Em 1 ano e 9 meses na Presidência do TSE, a ministra Rosa Weber comandou as Eleições Gerais de 2018, incentivou a participação feminina na política, intensificou o combate à desinformação no processo eleitoral, investiu no processamento eletrônico, implantou o julgamento virtual e conduziu com maestria as sessões jurisdicionais e administrativas no Plenário da Corte.

Quinquagésima-terceira presidente do Tribunal Superior Eleitoral, a ministra Rosa Weber assumiu o cargo no dia 14 de agosto de 2018. Menos de dois meses após sua posse, enfrentou o desafio de comandar as eleições gerais, caracterizadas por um ambiente de ânimos acirrados, de extrema polarização e por ataques dirigidos à Justiça Eleitoral por meio da disseminação de desinformação.

Na opinião do secretário-geral do TSE, Estêvão Waterloo, a postura serena e firme da presidente Rosa Weber na condução do processo eleitoral assegurou a alternância do poder com absoluto respeito aos ditames constitucionais, contribuiu para o fortalecimento do processo democrático e marcou sua gestão na Presidência da Corte Eleitoral.
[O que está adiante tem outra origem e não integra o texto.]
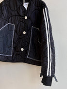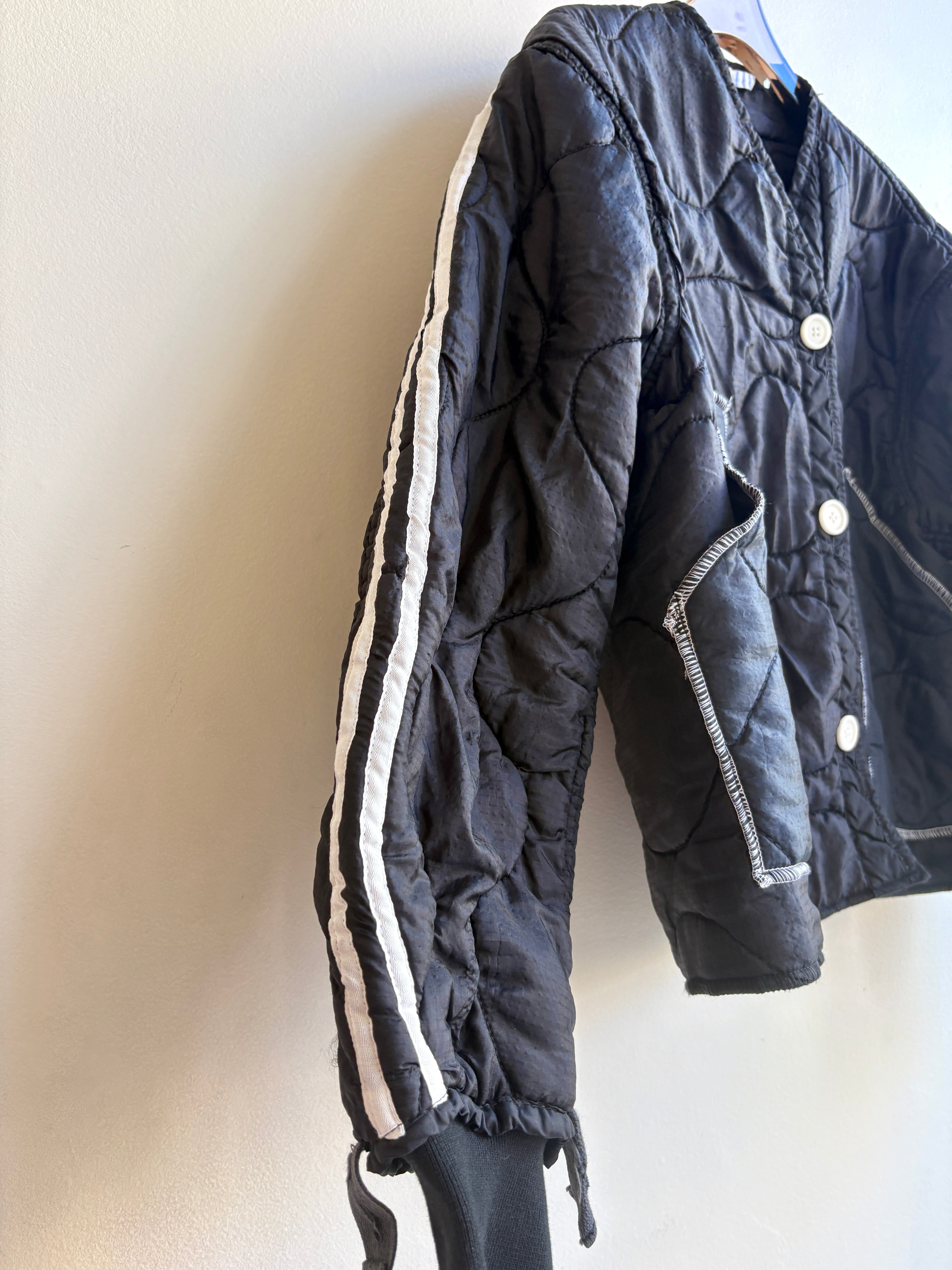 Black Army Liner Quilted Coat w/ White Buttons (Reworked)
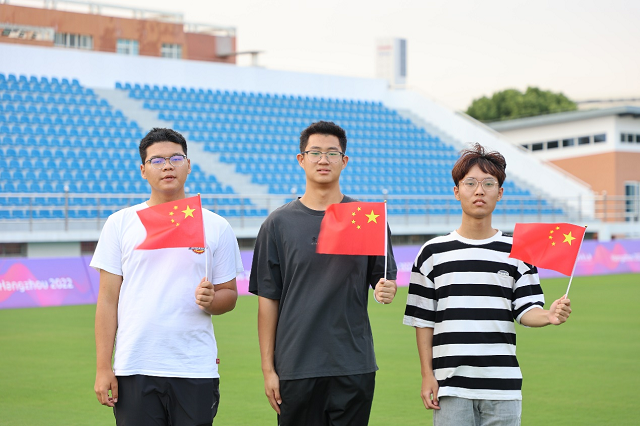 此外,量大學子們還親手折出500個五角星,粘貼于“相約計量、共迎國慶”主題噴繪墻上,五顆黃色星星在紅色星星為底的“中國地圖墻”上格外閃耀!耙郧啻褐摇^斗之我,為民族復興鋪路架橋,為祖國富強添磚加瓦……”同學們齊聲喊出“強國有我”的錚錚誓言,聲音響徹校園上空。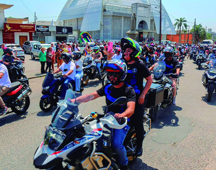 Após a missa, os motociclistas iniciaram o percurso pelas principais vias da cidade, formando um cortejo que chamou a atenção de moradores e visitantes. A romaria foi acompanhada por equipes da Polícia Municipal e da Polícia Militar, com o apoio da Rocam e do Grupamento de Motos da PMTB, que atuaram para garantir a segurança, o controle do trânsito e o bom andamento do evento.

Anderson Vidal Corrêa, diretor-geral do TSE, ressalta que a ministra Rosa Weber comandou as eleições de forma exemplar, ao combater a disseminação de informações falsas com informações verdadeiras, rápidas e consistentes, sem recorrer à esfera judicial. Ele também destaca a realização do Seminário Internacional Fake News e Eleições como “um momento de aprendizado para todos, e que trouxe para a Justiça Eleitoral instrumentos e treinamentos que viabilizaram nossas análises sobre o combate à desinformação”.

Para o juiz auxiliar da Presidência do TSE Ricardo Fioreze, a gestão da ministra Rosa Weber foi evidenciada por dois momentos emblemáticos da história recente do país: o pleito geral de 2018 e a crise ocasionada pela pandemia provocada pelo novo coronavírus (responsável pela Covid-19), que impôs a necessidade de rápidas decisões envolvendo a adoção de formas diferenciadas de execução das atividades, como o teletrabalho e os julgamentos por videoconferência.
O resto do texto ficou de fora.